(What you should do) Please give all of the data again, character for character, and drop the pictures.

(Data excerpt)
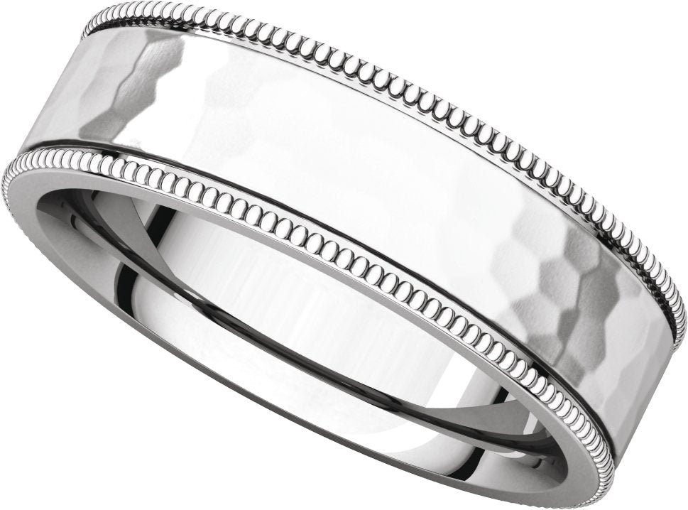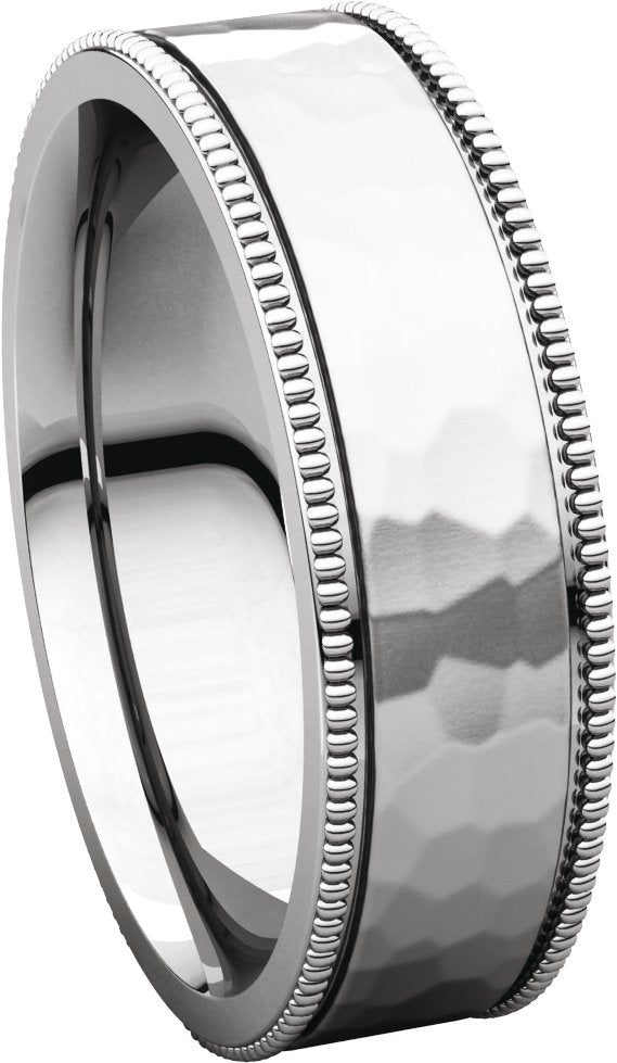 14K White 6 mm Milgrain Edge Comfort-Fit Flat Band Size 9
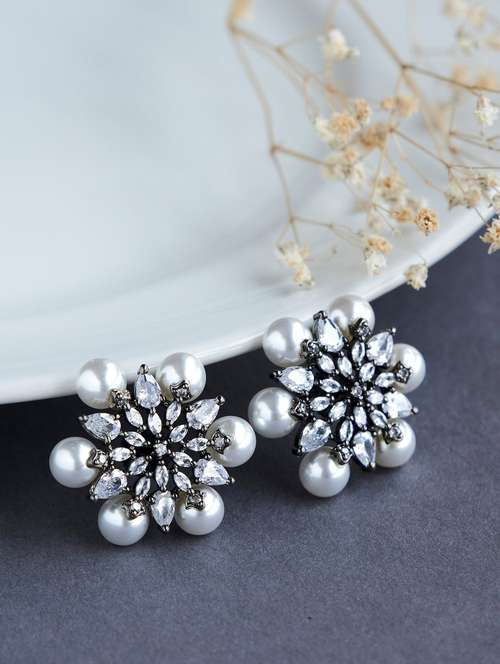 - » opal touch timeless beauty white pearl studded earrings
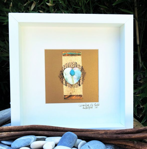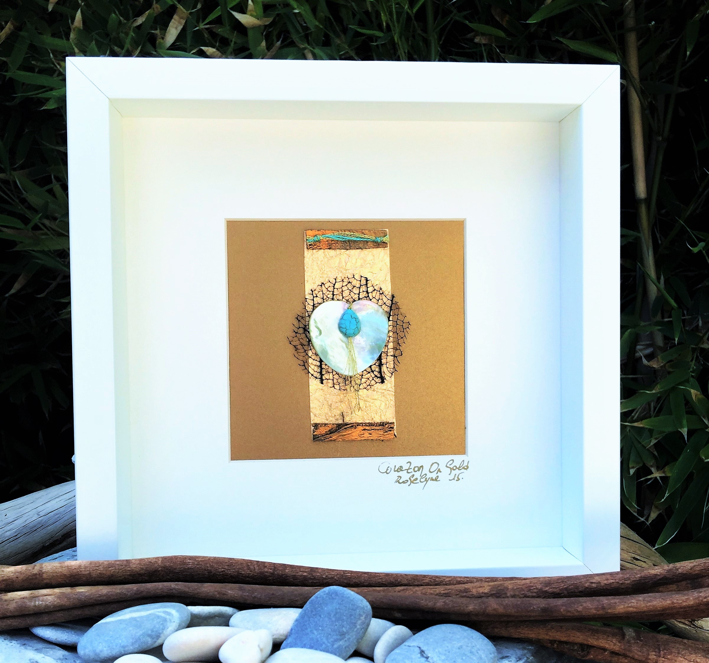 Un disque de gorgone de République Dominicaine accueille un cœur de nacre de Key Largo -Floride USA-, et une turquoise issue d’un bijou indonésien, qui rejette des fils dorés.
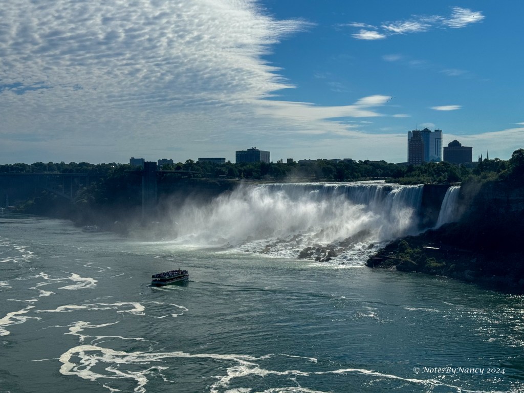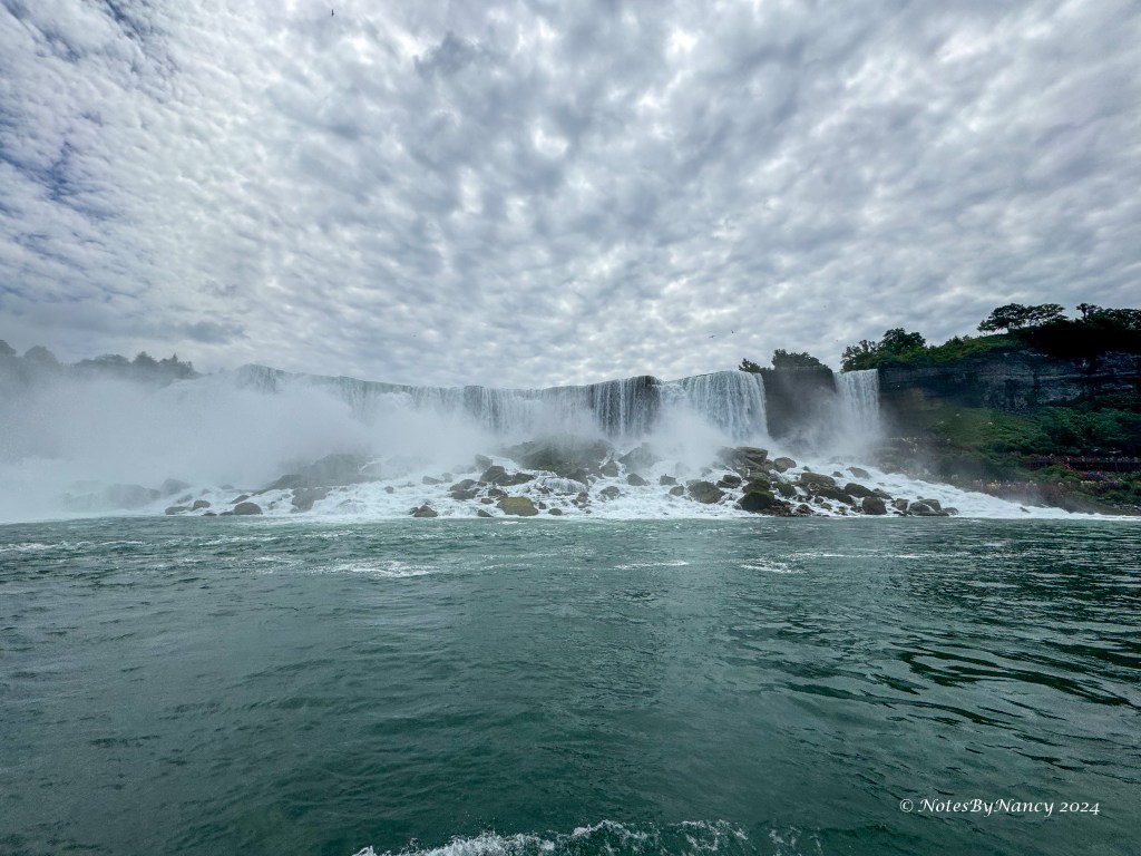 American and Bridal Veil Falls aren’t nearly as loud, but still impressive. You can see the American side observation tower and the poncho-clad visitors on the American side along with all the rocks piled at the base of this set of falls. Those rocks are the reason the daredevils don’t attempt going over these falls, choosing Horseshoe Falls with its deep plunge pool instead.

(Answer for the task)
 14K White 6 mm Milgrain Edge Comfort-Fit Flat Band Size 9
 - » opal touch timeless beauty white pearl studded earrings
 Un disque de gorgone de République Dominicaine accueille un cœur de nacre de Key Largo -Floride USA-, et une turquoise issue d’un bijou indonésien, qui rejette des fils dorés.
 American and Bridal Veil Falls aren’t nearly as loud, but still impressive. You can see the American side observation tower and the poncho-clad visitors on the American side along with all the rocks piled at the base of this set of falls. Those rocks are the reason the daredevils don’t attempt going over these falls, choosing Horseshoe Falls with its deep plunge pool instead.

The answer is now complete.